It was almost dark when I walked back out of the woods. I wish I could say, as I have so many times, that I felt refreshed and sure of my direction in life. However, it was just the opposite. The depression was even worse, and I was mumbling some long suppressed regrets. I felt as if I had no direction in my life.
Well, my habits are so rutted that being two hours late coming home from work and missing from the office since two o’clock had my wife fuming. With the irritable, depressed attitude I was bringing home, I knew we were in for a rocky night, but I never thought that it would turn out as badly as it did.
“Hey, I’m home,” I yelled as I walked in from the garage. The back door banged behind me, shaking the pictures on the wall in the hallway. My wife turned toward me with her hands on her hips. Not a good sign, but she let the slamming of the door slide.
Our conversation was civil for a few minutes. I thought maybe we could relax over a martini and manage to get though the evening, but, before I could mix the drinks, she said in a flat, mater-of-fact manner, with that hint of a sneer on her lips, “Not even going to have the courtesy to tell me where you’ve been?”

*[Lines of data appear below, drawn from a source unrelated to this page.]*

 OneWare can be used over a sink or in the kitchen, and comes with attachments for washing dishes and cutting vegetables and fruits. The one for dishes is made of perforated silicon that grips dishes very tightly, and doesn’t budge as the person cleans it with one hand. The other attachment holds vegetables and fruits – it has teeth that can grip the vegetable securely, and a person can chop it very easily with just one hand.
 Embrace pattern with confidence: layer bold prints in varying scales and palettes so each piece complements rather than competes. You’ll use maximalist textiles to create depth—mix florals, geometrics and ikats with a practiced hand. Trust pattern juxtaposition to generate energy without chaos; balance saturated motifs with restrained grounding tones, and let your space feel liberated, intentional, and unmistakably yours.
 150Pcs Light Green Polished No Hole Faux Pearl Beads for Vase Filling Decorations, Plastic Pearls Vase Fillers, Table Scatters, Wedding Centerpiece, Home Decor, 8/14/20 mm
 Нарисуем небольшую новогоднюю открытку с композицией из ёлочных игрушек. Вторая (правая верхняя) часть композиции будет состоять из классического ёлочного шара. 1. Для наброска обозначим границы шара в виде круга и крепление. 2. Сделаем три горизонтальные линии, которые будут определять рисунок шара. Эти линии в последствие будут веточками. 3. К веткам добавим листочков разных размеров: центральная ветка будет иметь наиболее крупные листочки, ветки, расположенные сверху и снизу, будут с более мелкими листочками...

You know, when you’ve been married as long as we have, you’re able to pick up little nuances. Sure enough it was there, that tight-lipped, cocked head attitude. I could feel the prick of disgust, but I held my temper.
“Had to drive over to El Dorado to look at a geologic log.…..Hey, how about a martini?” Hell, I figured a little gin was about the only thing that would salvage the evening.

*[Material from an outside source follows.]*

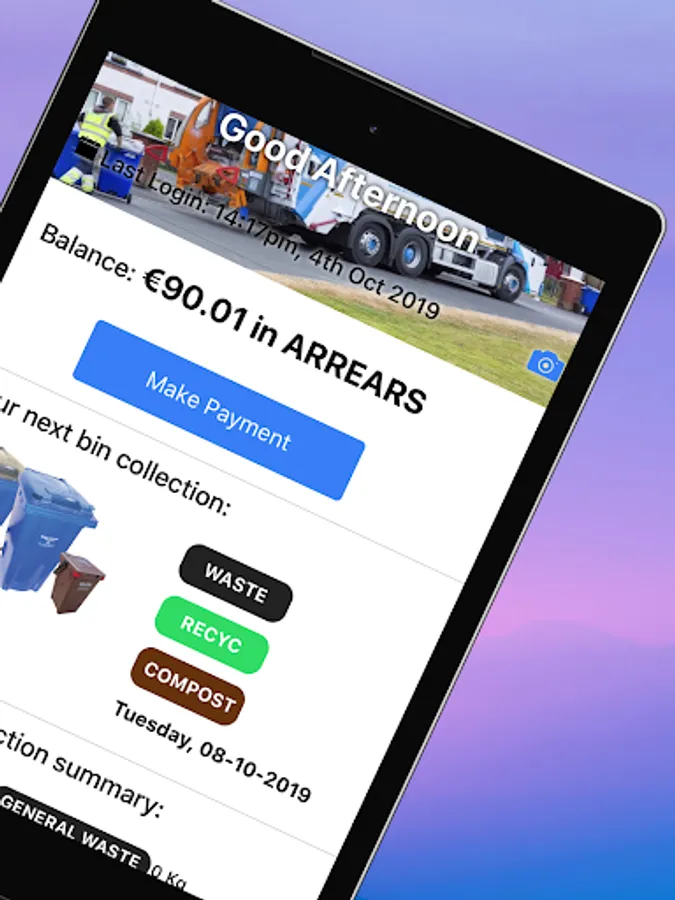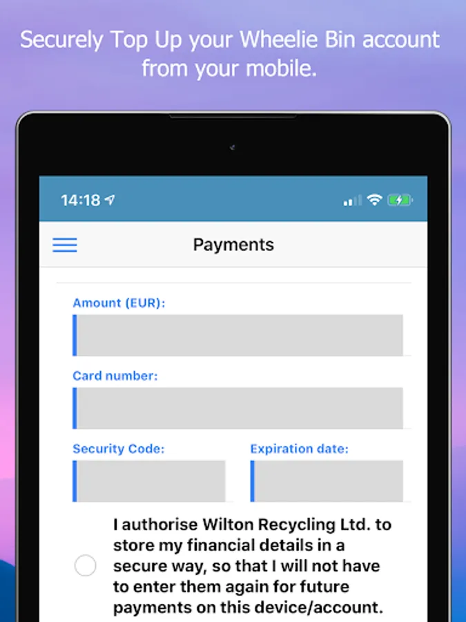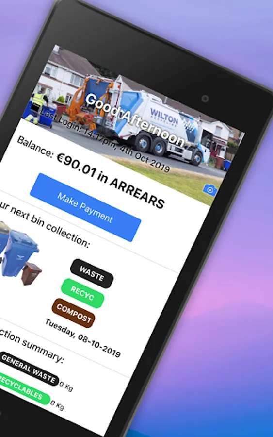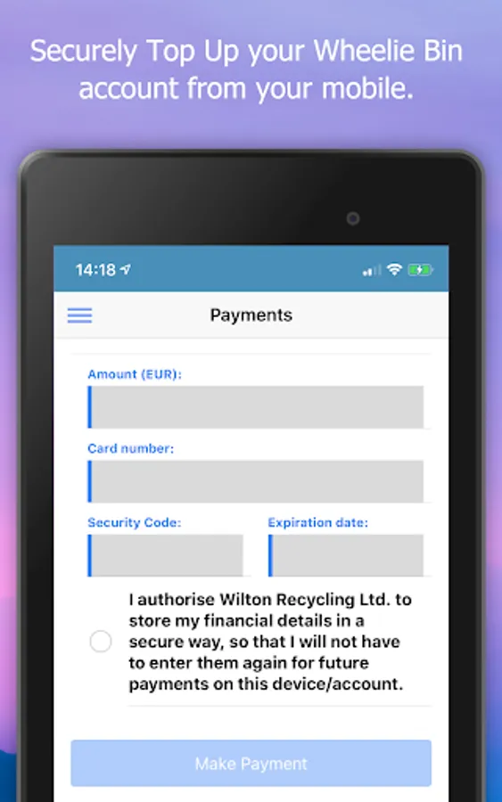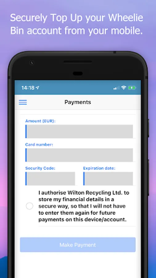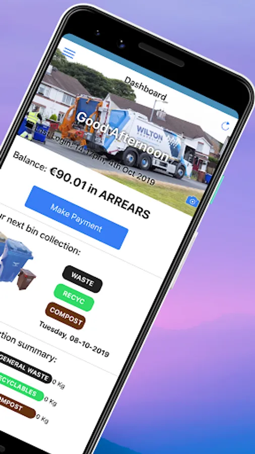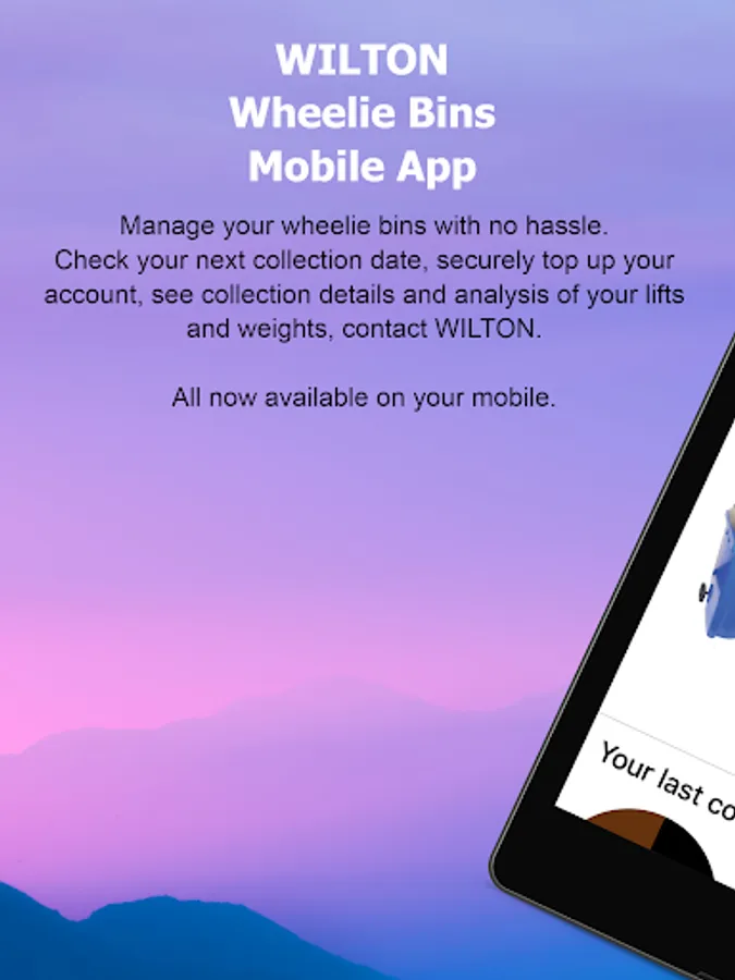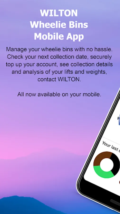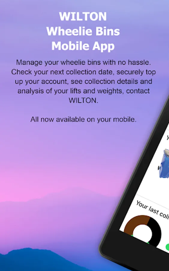 Wilton Wheelie Bin Customer App - Check you bin lifts, monitor the weights of your bins, see on the graph how well you recycle, view your account balance, check you next bin collection. Pay your bill or Top Up your Wheelie Bin Account online from your App. If you don't remember your PIN, you can retrieve it by providing your registered mobile number, we will text it to your mobile

She was shaking her head before the words were even out of my mouth, and it wasn’t because she didn’t want a martini. I pulled out the Bombay Sapphire and started to make our martinis.
“You’re lying, Sandy. Your secretary said you’ve been in one of your rotten moods all day, and then you just walked out. Looking at a log in El Dorado?---Bullshit! Were your e-mail and fax down?”

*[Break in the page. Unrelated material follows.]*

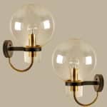 Large quantity of beautiful hand blown clear glass wall lights with brass details. Designed and manufactured by Glashütte Limburg, Germany around 1975.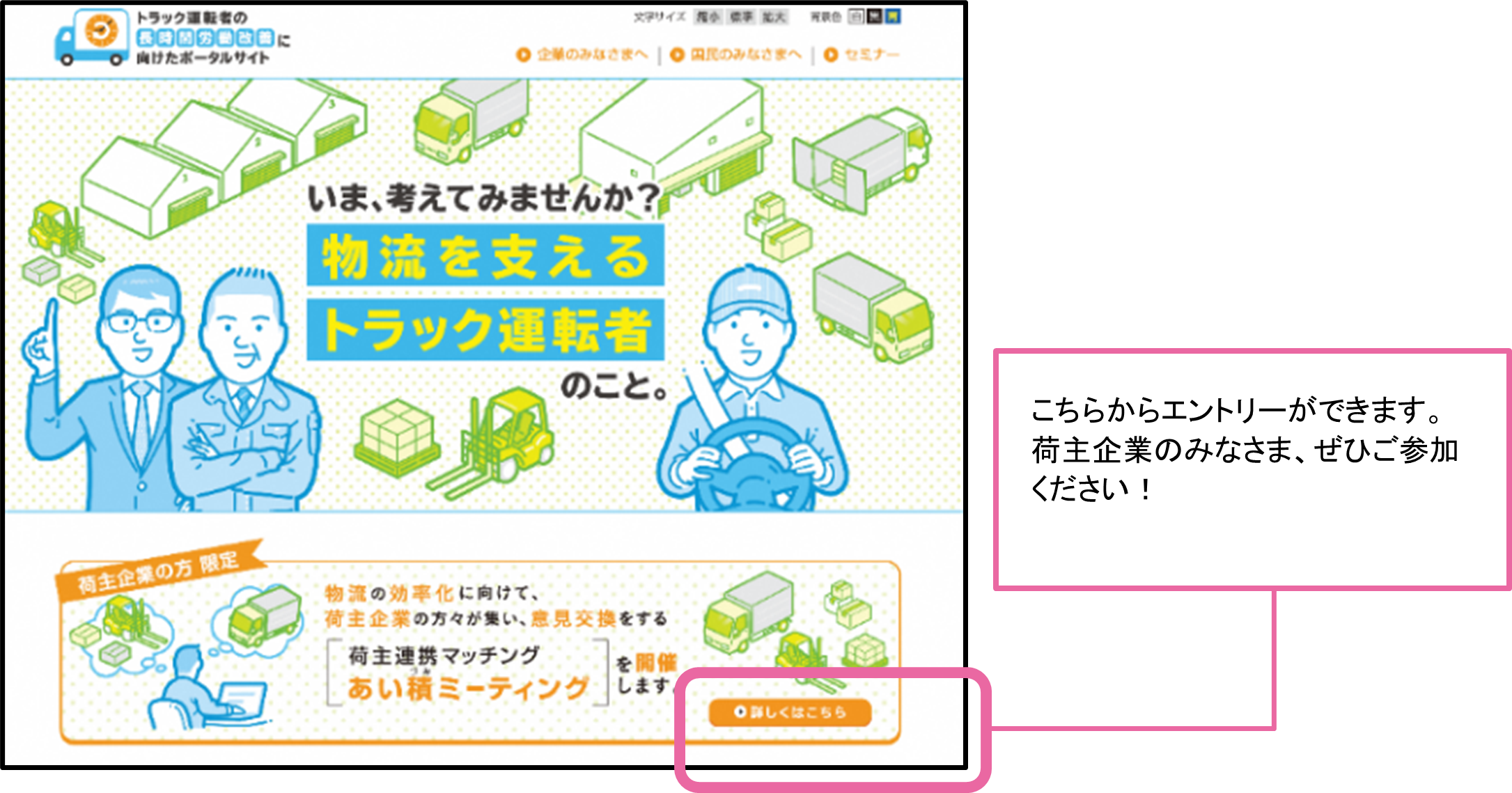 「自動車運転者の長時間労働改善に向けたポータルサイト」で募集中。 今年の11 月以降、テーマごとにオンラインミーティングを開催

Hell, I knew better than to push the lie after that.
“Damn, can’t I go to the pot without checking in?” I turned my back to her and went back to pouring the gin.
“What’s wrong with you, Sandy?”
“Nothing---still want that damn martini?”
She was seething, but she held back and muttered, “Yeah,” before walking into the living room.
Over the years my wife and I have developed a habit of having one martini before dinner, sitting back and listening to jazz, and relaxing while we unwind. That night didn’t look very promising, but hell, I thought maybe a martini would give me some relief.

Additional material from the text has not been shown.